(Records from a collection)
_ _ _ _
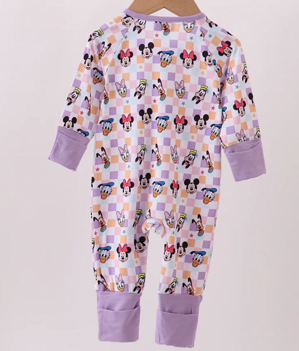 Bamboo purple checkered Romper
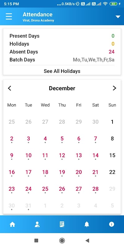 This facility is available for to give information to parents of their child presence in batch through this android app.
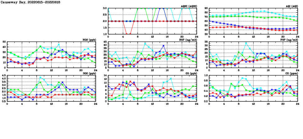 | Air Quality Data Time Series in Causeway Bay (2022/06/18) | ( Line colors: Day -3 Day -2 Day -1 Current day ) | 2D Map Current AQHI |
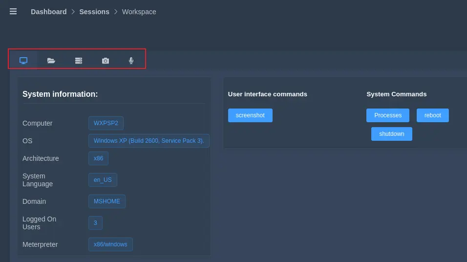 点击Interact可以进行会话交互,进去之后,第一个显示的是系统信息,右侧还有一些系统命令,比如查看系统进程,重启,关机。
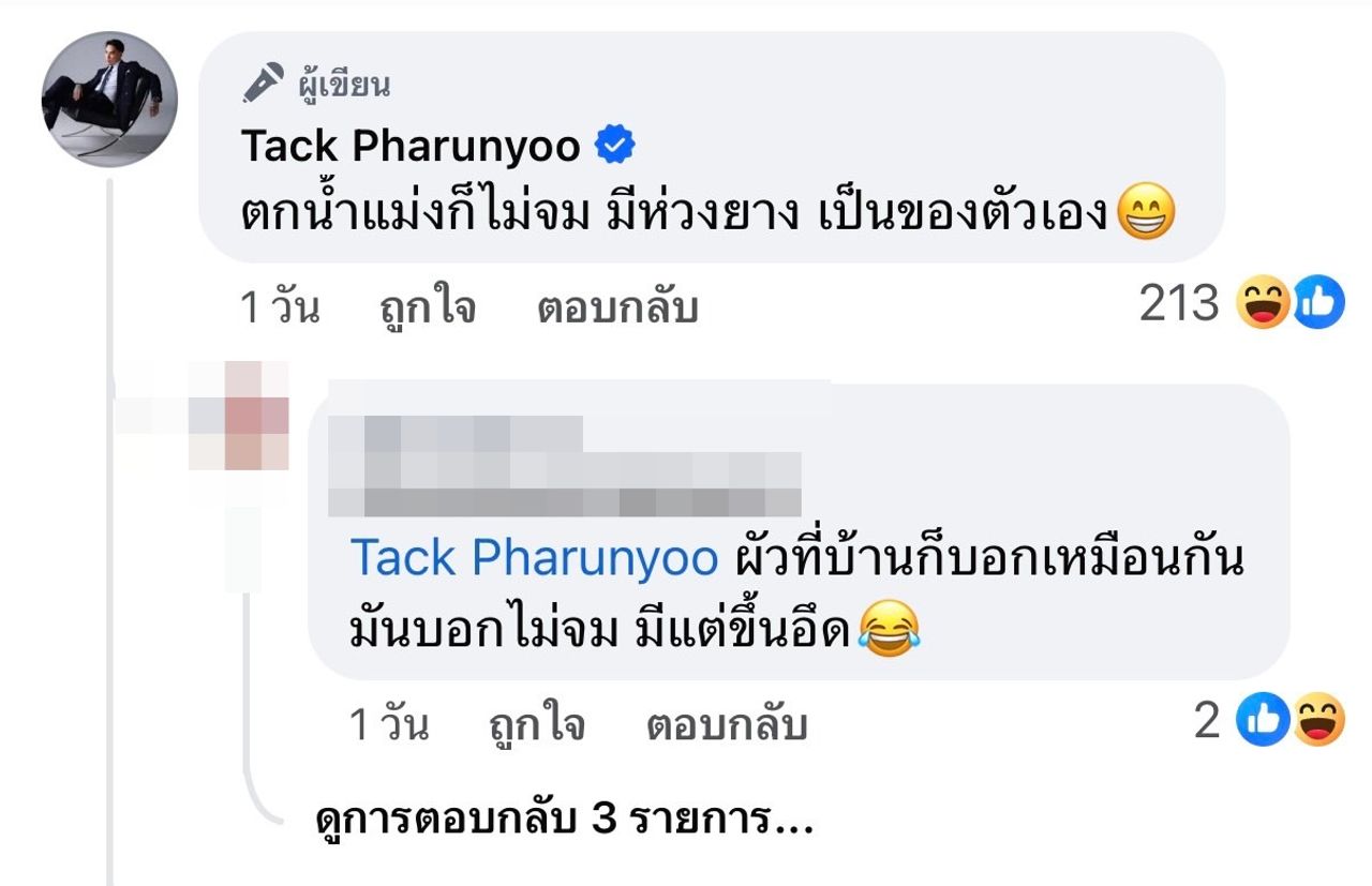 ล่าสุด แทค ภรัณยู ก็เป็นอีกคนที่ตอบชัดกับคำถามที่ว่า ถ้าลูกกับเมียตกน้ำจะเลือกช่วยใคร ซึ่งแทคได้โพสต์ลงในเฟซบุ๊กของตัวเองว่า
_ _ _ _
REQUIRED ACTION: Repeat every record above exactly. Omit the pictures.

OUTPUT OF THE TASK:
 Bamboo purple checkered Romper
 This facility is available for to give information to parents of their child presence in batch through this android app.
 | Air Quality Data Time Series in Causeway Bay (2022/06/18) | ( Line colors: Day -3 Day -2 Day -1 Current day ) | 2D Map Current AQHI |
 点击Interact可以进行会话交互,进去之后,第一个显示的是系统信息,右侧还有一些系统命令,比如查看系统进程,重启,关机。
 ล่าสุด แทค ภรัณยู ก็เป็นอีกคนที่ตอบชัดกับคำถามที่ว่า ถ้าลูกกับเมียตกน้ำจะเลือกช่วยใคร ซึ่งแทคได้โพสต์ลงในเฟซบุ๊กของตัวเองว่า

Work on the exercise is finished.